Lavorare in condizioni aziendali critiche in un Paese in cui trovare lavoro è davvero difficile, può risultare essere uno scenario quotidiano. Basti pensare alle situazioni in cui oggi riversano gli operai dell’Ilva di Taranto, famosa acciaieria della Puglia ove sistematicamente vi è un incremento delle morti bianche nonostante, vi siano provvedimenti giudiziari legati non solo alla salute dei dipendenti, ma al catastrofico inquinamento ambientale. Altri casi massivi, si riscontrano nelle aziende che esercitano una pressione psicologica diversa, ovvero la cosiddetta  ristrutturazione organizzativa volta ai “tagli o sizing del capitale umano” il cui vantaggio è prettamente economico. Ciò provoca il licenziamento in larga scala de dipendenti. L’espulsione coercitiva dei lavoratori, affrontata con i vari ammortizzatori sociali, allora sembrerebbe essere l’unica via d’uscita nel caos della crisi economica. In verità il processo di Ristrutturazione Organizzativa può essere osservato con una diversa accezione, ossia come quello strumento preventivo ad un possibile fallimento aziendale, al fine di individuare gli elementi critici e patologici in un sistema organizzativo. In quest’ottica oltre a preservare il bilancio economico, quello che si fa è garantire la messa in sicurezza del potenziale umano. L’esclusione al fallimento pertanto, riguardando soprattutto la gestione del potenziale umano, deve essere fronteggiato con strategie correttive a supporto e a vantaggio dei dipendenti.  Questi ultimi a loro volta, essendo gli attori  della crisi economica e della stessa ristrutturazione organizzativa, possono essere investiti da una crisi di ruolo che li destabilizza; portatrice soprattutto di calo della performance, demotivazione, insoddisfazione lavorativa e nei casi più gravi potrebbe far insorgere la sindrome da lavoro stress correlato e depressione. In che modo allora, l’azienda può nuovamente motivare i dipendenti al lavoro e quindi accrescere reazioni positive durate il processo critico di ristrutturazione aziendale?

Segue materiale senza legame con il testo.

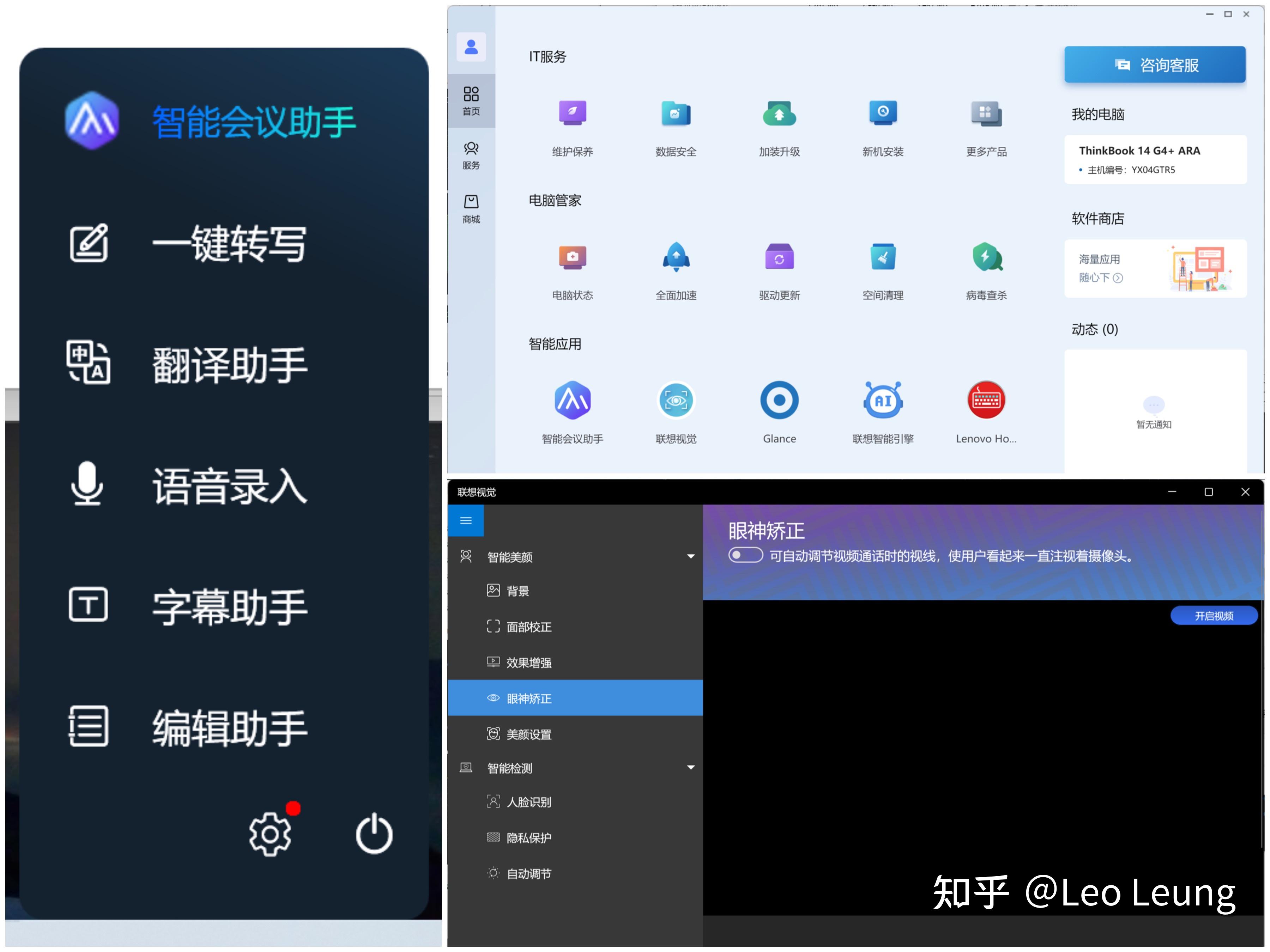 ThinkBook14+原生系统除了电脑管家和软件中心以外,还增加了多种商务功用。好比智能会议助手,视频听觉设置,IT办事等。
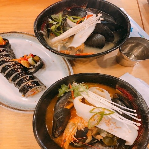 라면에 각종 해산물이 들어가있는 라면(매운맛,순한맛)과 산삼김밥입니다.
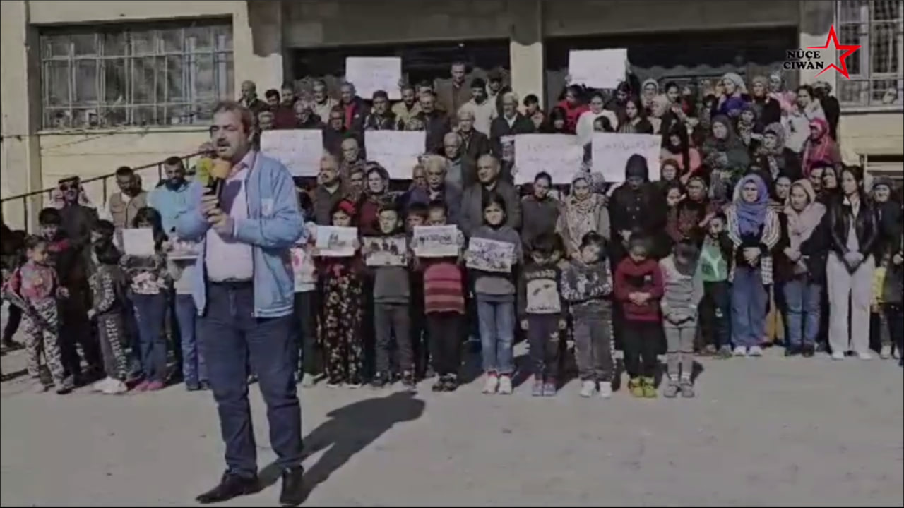 Daxuyanî ji hêla Cuma Kelo, endamê serokatiya Encûmena Navçeya Efrîn û Şahba, li ber Dibistana Omer Allûş a Reqayê hate xwendin.
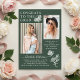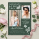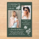 Modern Green White Butterfly Photo Graduation Party Acrylic Invitation presenta el sencillo texto "Felicitaciones al Grado" acentuado con una flor y mariposas con dos de tus fotos favoritas y personalizado con detalles de la fiesta de graduación y nombres en una elegante tipografía de escritura blanca. Personalice editando el texto en los cuadros de texto proporcionados y agregando sus fotos favoritas. Diseñado por ©2023 Evco Studio www.zazzle.com/store/evcostudio
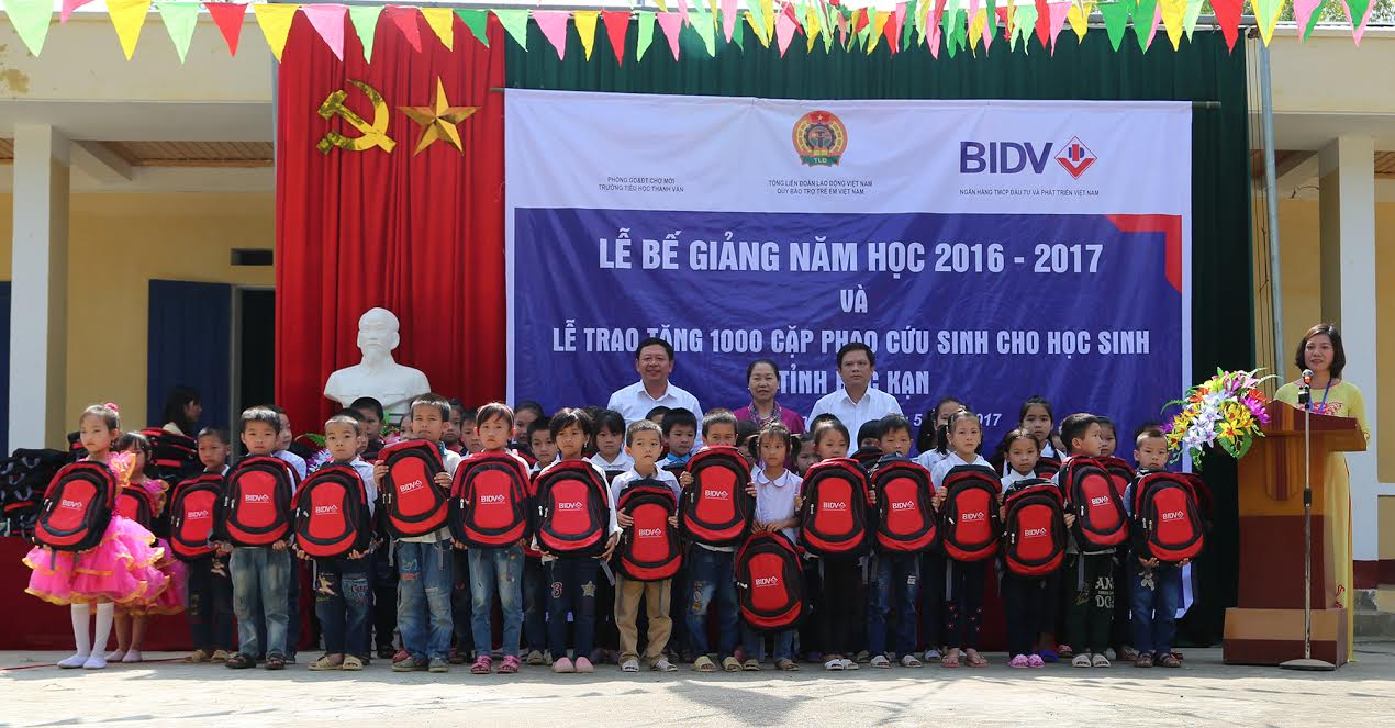 HOANHAP.VN - Trong 2 ngày 25 và 26/5/2017, Ngân hàng TMCP Đầu tư và Phát triển Việt Nam (BIDV) phối hợp với Quỹ Bảo trợ trẻ em Công đoàn Việt Nam tặng 2.000 cặp phao cứu sinh và 40 triệu đồng cho các em học sinh tại các trường mầm non, tiểu học thuộc xã Đoài Côn huyện Trùng Khánh, tỉnh Cao Bằng và trường tiểu học Thanh Vận thuộc xã Thanh Vận, huyện Chợ Mới, tỉnh Bắc Kạn.
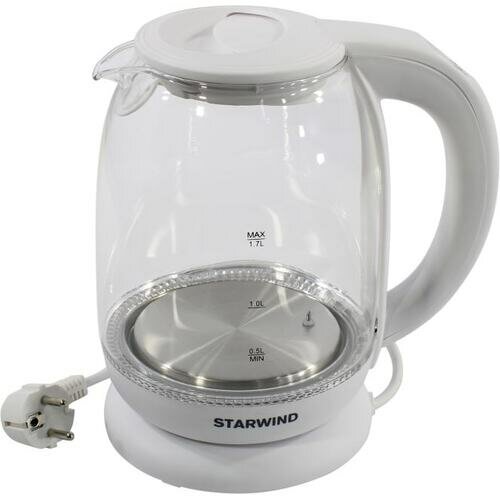 Чайник электрический Starwind белый, объём 1.7л, мощность 2200Вт, материал корпуса: стекло
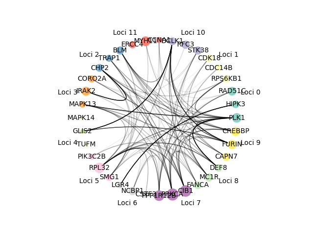 Networks can be visualized to show either the n genes with the highest gene scores or the n genes with the highest scores regardless of loci. They are visualized such that color represents loci of gene, size represents the gene score (bigger node means higher score), edges are from the STRING database with the darkness corresponding to the weight of the edge. The corresponding gene names, loci, gene scores from the visualized network are the output to a specified file.
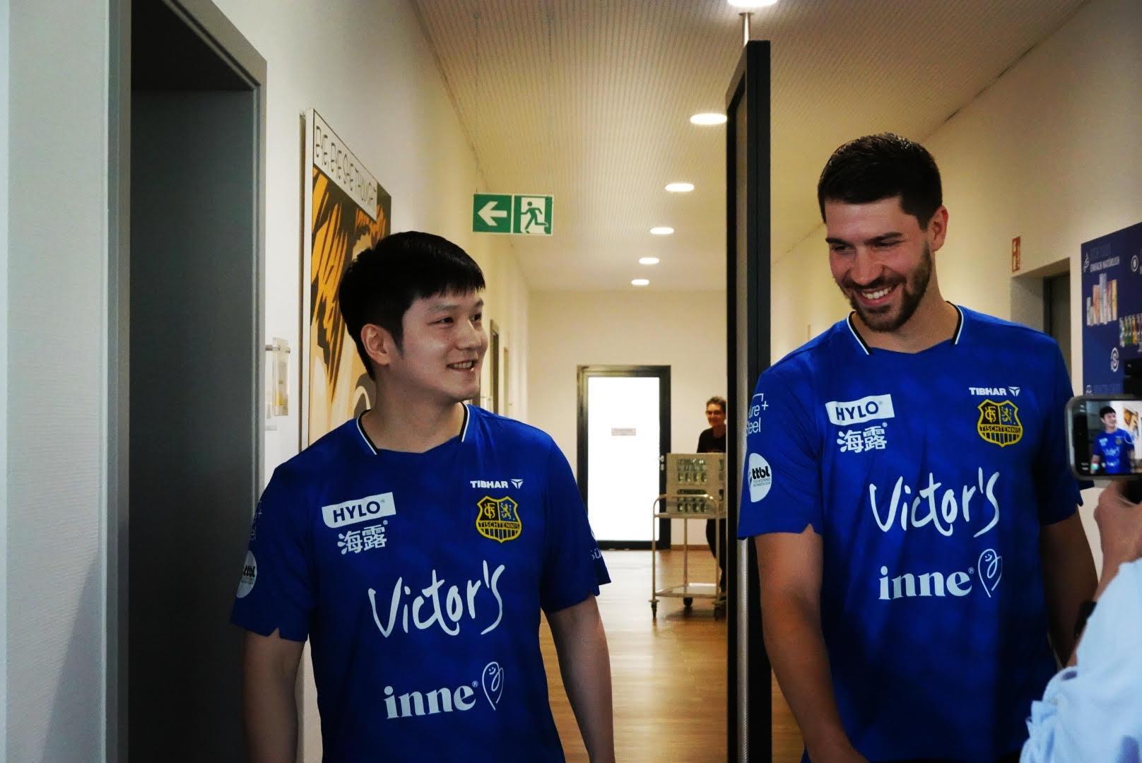 樊振东与萨尔布吕肯俱乐部队长弗朗西斯卡 ©Tracy
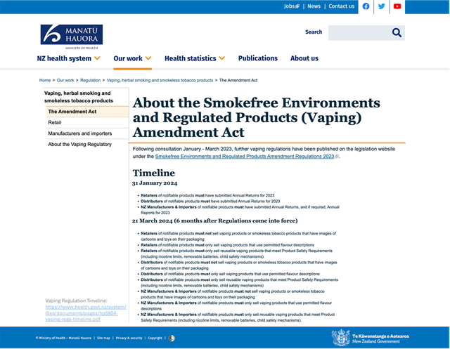 Đến ngày 5.8.2020, chính phủ NZ đã thông qua Luật quản lý các sản phẩm thuốc lá mới giảm tác hại, nhằm thay thế cho thuốc lá điếu thông thường. Đạo luật mới của NZ hướng tới mục tiêu xây dựng môi trường không khói thuốc với các sản phẩm thay thế giảm tác hại, đưa thêm điều khoản mới là "hỗ trợ người hút thuốc chuyển đổi từ thuốc lá điếu sang các sản phẩm thuốc lá mới ít gây hại hơn đáng kể và được kiểm soát theo luật định".
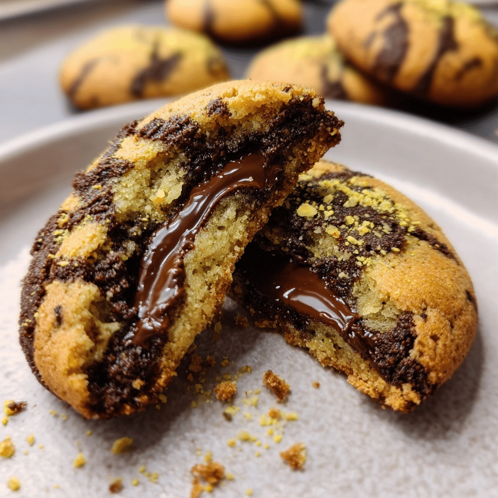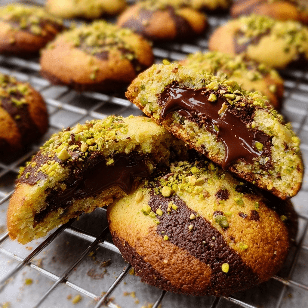 Dubai Chocolate Stuffed Cookies feature rich chocolate cookie dough wrapped around a crunchy pistachio kataifi filling, inspired by the viral Dubai chocolate bar. These indulgent treats offer crispy edges, gooey centers, and nutty pistachio surprise in every bite.[web:1][web:2]

1. Promuovere la semplicità nelle dinamiche relazionali e dei processi attraverso la leadership distribuita. E’ necessario che vi sia un  diretto riferimento e coinvolgimento nei progetti lavorativi dei dipendenti anche dal basso livello gerarchico, in quanto attori attivi dello sviluppo lavorativo. I dipendenti, possono essere coinvolti nella responsabilità di un progetto e nei feedback collegati ad esso. Il concetto rivoluzionario sta nel promuovere in ciascun lavoratore individuato ai vari livelli della scala organizzativa, un leader. Questi deve essere capace di guidare un gruppo con cognizione di causa, al fine di promuovere una nuova conoscenza. Lo scopo è sviluppare progetti coerenti per la cultura aziendale. La leadership distribuita, inoltre è intesa non più come utopia soprattutto nelle grandi aziende, i cui top manager devono potersi confrontare direttamente con coloro i quali elaborano il processo e lo mettono in pratica;

2. La chiarezza come elemento innovatore. Spesso i dipendenti sviluppano processi e obiettivi ostici e poco chiari.Nel processo di rivalutazione e ristrutturazione aziendale è fondamentale che siano snellite tutte le procedure che creano complessità, caos, per  focalizzare l’attenzione sui cardini fondamentali dell’azienda, quali la gestione dei processi e delle risorse.Gli obiettivi e i risultati possono essere raggiunti tagliando la complessità delle operazioni che ruotano intorno ad essi;

3. Incremento della valorizzazione delle risorse. Essere valutati in modo corretto significa ottenere un accrescimento della motivazione professionale e innalzamento della performance. Le risorse intese come apporto di capitale umano e di nuova conoscenza, necessitano di una equa valorizzazione delle competenze. La responsabilità dell’elaborazione e messa a punto di un progetto funzionale per l’azienda, da parte dei dipendenti, permette l’emersione di risorse reputate creativi e singolari. Di qui nasce l’esigenza dell’individuazione dei talenti. L’obiettivo è identifipercare un gruppo di creativi che possano trasferire idee ed intuizioni funzionali, in progetti utilizzabili nel presente e che abbiano soprattutto una prefigurazione e valenza futura;

4. Sostituzione dei rapporti formali con i rapporti informali in azienda. L’informalità dei rapporti consiste nella possibilità da parte del top management di stabilire dei rapporti diretti ed immediati con i dipendenti che lavorano nelle varie scale gerarchiche dell’organigramma organizzativo. In questo modo l’aspetto meritocratico emerge in parte con migliore chiarezza. Ad essere sottoposti a valutazione non sono solo i dipendenti, ma anche i responsabili che necessitano di buoni feedback dallo stesso gruppo di lavoro in cui operano. L’obiettivo è validare una corretta gestione delle dinamiche di gruppo e processi lavorativi;

5. Prefigurazione di carriera. La possibilità di ottenere un percorso di carriera è uno dei cardini essenziali che garantisce l’incremento della motivazione. Sapere di effettuare un lavoro per obiettivi, sviluppare un progetto, assumersi la responsabilità di condividere per ruolo e compiti una leadership è motivante soprattutto se a tutto questo si associa  una crescita professionale quale l’avanzamento di carriera.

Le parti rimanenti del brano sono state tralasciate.